However, studying different amounts of datasets and assessing the optimal amount would have required much time and resources, especially considering the need to choose the same amount of data for both the ANN and RF models. It should also be noted that the aim of this study is to compare the performances of ANN and RF models. Using the amount that was chosen in this study can have aided in noticing possible strengths and

(29)

CHAPTER 5. DISCUSSION AND CONCLUSION

weaknesses of the respective models.

5.2.2 Partitioning of the data

The partitioning of the data into training, validation and test sets is a factor that may affect performance as well (as briefly discussed in section 5.1). The chosen amount of test days was set rather arbitrarily, and further large-scale studies to determine optimal amount of test days for both models could improve the results. The quality of the validation data is also of importance when optimizing the models. As mentioned in section 3.1, the training data was slightly arbitrarily chosen to include sudden spikes and dips in the closing price, and the validation data was the remaining set of days that were prior to the test days.

In the WMT stock in figure 3.1, it is noticed that the stock price declines until around day 199 when it is starting to recover. The partitioning presented in section 3.1 shows that the training data (days 1 - 204) capture prices of all possible levels while the validation data (days 205 - 216) reflect a more local behaviour in this case as these prices do not quite include the volatility compared to all 254 days and the test data in particular. An implication of this may be that the validation data do not give an entirely fair reflection of the true nature of the stock and thus the hyperparameters may be further optimizable to some extent.

In contrast, the IXIC index in figure 3.2 shows that in the training data (days 1 - 178), the range of prices is approximately in the interval from 4500 USD to 5200 USD.

The validation data (days 179 - 216) consist of prices from 4800 USD to 5150 USD and matches the typical price development of the training data well, and to a large extent the test data as well. As discussed in section 5.1, this might suggest that the hyperparameter optimization process for the IXIC models was more effective than for the WMT models.

Distributing the training and validation set is a complicated task. Increasing the validation data and decreasing the training data might create a superior model in some cases, whilst in some other cases it might be the direct opposite. The complexity increases further due to the need for both the ANN and RF models to use the same partitioning scheme.

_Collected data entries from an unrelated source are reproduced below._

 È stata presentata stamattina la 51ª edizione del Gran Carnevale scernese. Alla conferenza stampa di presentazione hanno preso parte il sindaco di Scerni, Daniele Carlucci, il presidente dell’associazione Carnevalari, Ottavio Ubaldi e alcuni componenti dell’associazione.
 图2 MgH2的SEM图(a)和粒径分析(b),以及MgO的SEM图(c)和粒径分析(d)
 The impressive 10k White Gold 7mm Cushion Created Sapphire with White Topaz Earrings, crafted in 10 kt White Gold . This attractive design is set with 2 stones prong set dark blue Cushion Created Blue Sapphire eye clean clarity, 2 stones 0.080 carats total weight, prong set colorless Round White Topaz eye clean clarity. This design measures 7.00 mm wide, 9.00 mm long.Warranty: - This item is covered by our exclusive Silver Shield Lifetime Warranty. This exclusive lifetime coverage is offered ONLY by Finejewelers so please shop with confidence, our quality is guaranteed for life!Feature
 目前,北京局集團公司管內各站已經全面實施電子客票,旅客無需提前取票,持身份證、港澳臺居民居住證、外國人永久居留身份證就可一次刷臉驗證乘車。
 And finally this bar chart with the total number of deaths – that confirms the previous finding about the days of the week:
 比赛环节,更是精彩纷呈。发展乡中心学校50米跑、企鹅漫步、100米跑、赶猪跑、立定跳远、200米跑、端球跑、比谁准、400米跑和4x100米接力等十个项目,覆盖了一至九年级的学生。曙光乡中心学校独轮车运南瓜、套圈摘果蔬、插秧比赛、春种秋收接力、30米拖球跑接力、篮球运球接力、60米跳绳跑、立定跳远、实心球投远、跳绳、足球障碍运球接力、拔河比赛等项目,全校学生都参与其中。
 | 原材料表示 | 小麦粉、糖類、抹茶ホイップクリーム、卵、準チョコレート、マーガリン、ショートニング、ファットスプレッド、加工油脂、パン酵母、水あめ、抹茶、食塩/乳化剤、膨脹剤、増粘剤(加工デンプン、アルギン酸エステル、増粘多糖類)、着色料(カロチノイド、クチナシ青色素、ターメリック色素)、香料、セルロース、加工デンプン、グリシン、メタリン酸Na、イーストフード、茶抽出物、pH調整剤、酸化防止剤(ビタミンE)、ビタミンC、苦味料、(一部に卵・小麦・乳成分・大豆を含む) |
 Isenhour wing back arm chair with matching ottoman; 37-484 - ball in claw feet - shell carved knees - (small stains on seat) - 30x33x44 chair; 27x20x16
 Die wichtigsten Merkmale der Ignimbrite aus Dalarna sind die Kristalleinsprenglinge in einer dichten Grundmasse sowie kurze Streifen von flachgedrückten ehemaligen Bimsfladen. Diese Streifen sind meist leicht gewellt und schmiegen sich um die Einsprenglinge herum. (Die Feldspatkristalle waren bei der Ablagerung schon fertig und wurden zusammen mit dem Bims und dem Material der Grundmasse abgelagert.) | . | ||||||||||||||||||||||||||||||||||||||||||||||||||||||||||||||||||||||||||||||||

Overall, as both the ANN and RF models used the same partitioning scheme for the same stock, it would be viable to state that the chosen methodology was fair for the comparative analysis. The fact that ANNs are able to perform better for both stocks, regardless of the possible shortcomings discussed above, is an interesting result to notice.

It is something that can be used to strengthen the case for the use of ANN models within the field of stock prediction.

5.2.3 The choice of technical indicators

The decision to use technical indicators to process the input vector was made after reading similar studies using the same approach. Thus, there was no greater knowledge on the subject of technical analysis apart from the general ideas and the technical indicators chosen were based on what had been read in similar reports. Further research on the

(30)

subject of technical analysis and existing indicators and possibly using more indicators could have been something that could have improved the results and the methodology.

5.3 Comments on the reviewed sources

The primary sources used in this study includes Bishop’s [13] textbook on ANNs for pattern recognition, Breiman’s [22] paper on RFs, as well as Criminisi, Shotton and Konukohglu’s [19] review of RFs and its use cases. These were part of the main sources used to gain knowledge on ANNs and RFs and were thus key sources to be able to understand, implement and optimize the models. The legitimacy of these sources can be regarded as strong as all authors have extensive backgrounds within the subject.

Additional sources that were used to gain knowledge within these fields can also be regarded as strong as they generally were printed within respectable institutes and/or were quite extensive in their material.

Other key sources include various studies made on the subject of implementing ANN and RF based models for stock prediction. The reliability of these sources could be questioned as most reports were summarizing in how the models were implemented rather than having an exhaustive description. However, as these studies were made within educational institutes, it would be justifiable to regard them as viable sources.

5.4 Final conclusion

The purpose of this study was to compare the predictive performances of ANNs and RFs for one-day predictions on the stock market. ANN and RF based models were implemented and their predictability was tested on two different stocks for an interval of 38 consecutive days. The results of the study indicate the following:

• Seen over the whole test period, the ANN model is less erroneous than the RF model for both stocks. As indicated in tables 4.1 and 4.2, the ANN model showed better RMSE and MAPE.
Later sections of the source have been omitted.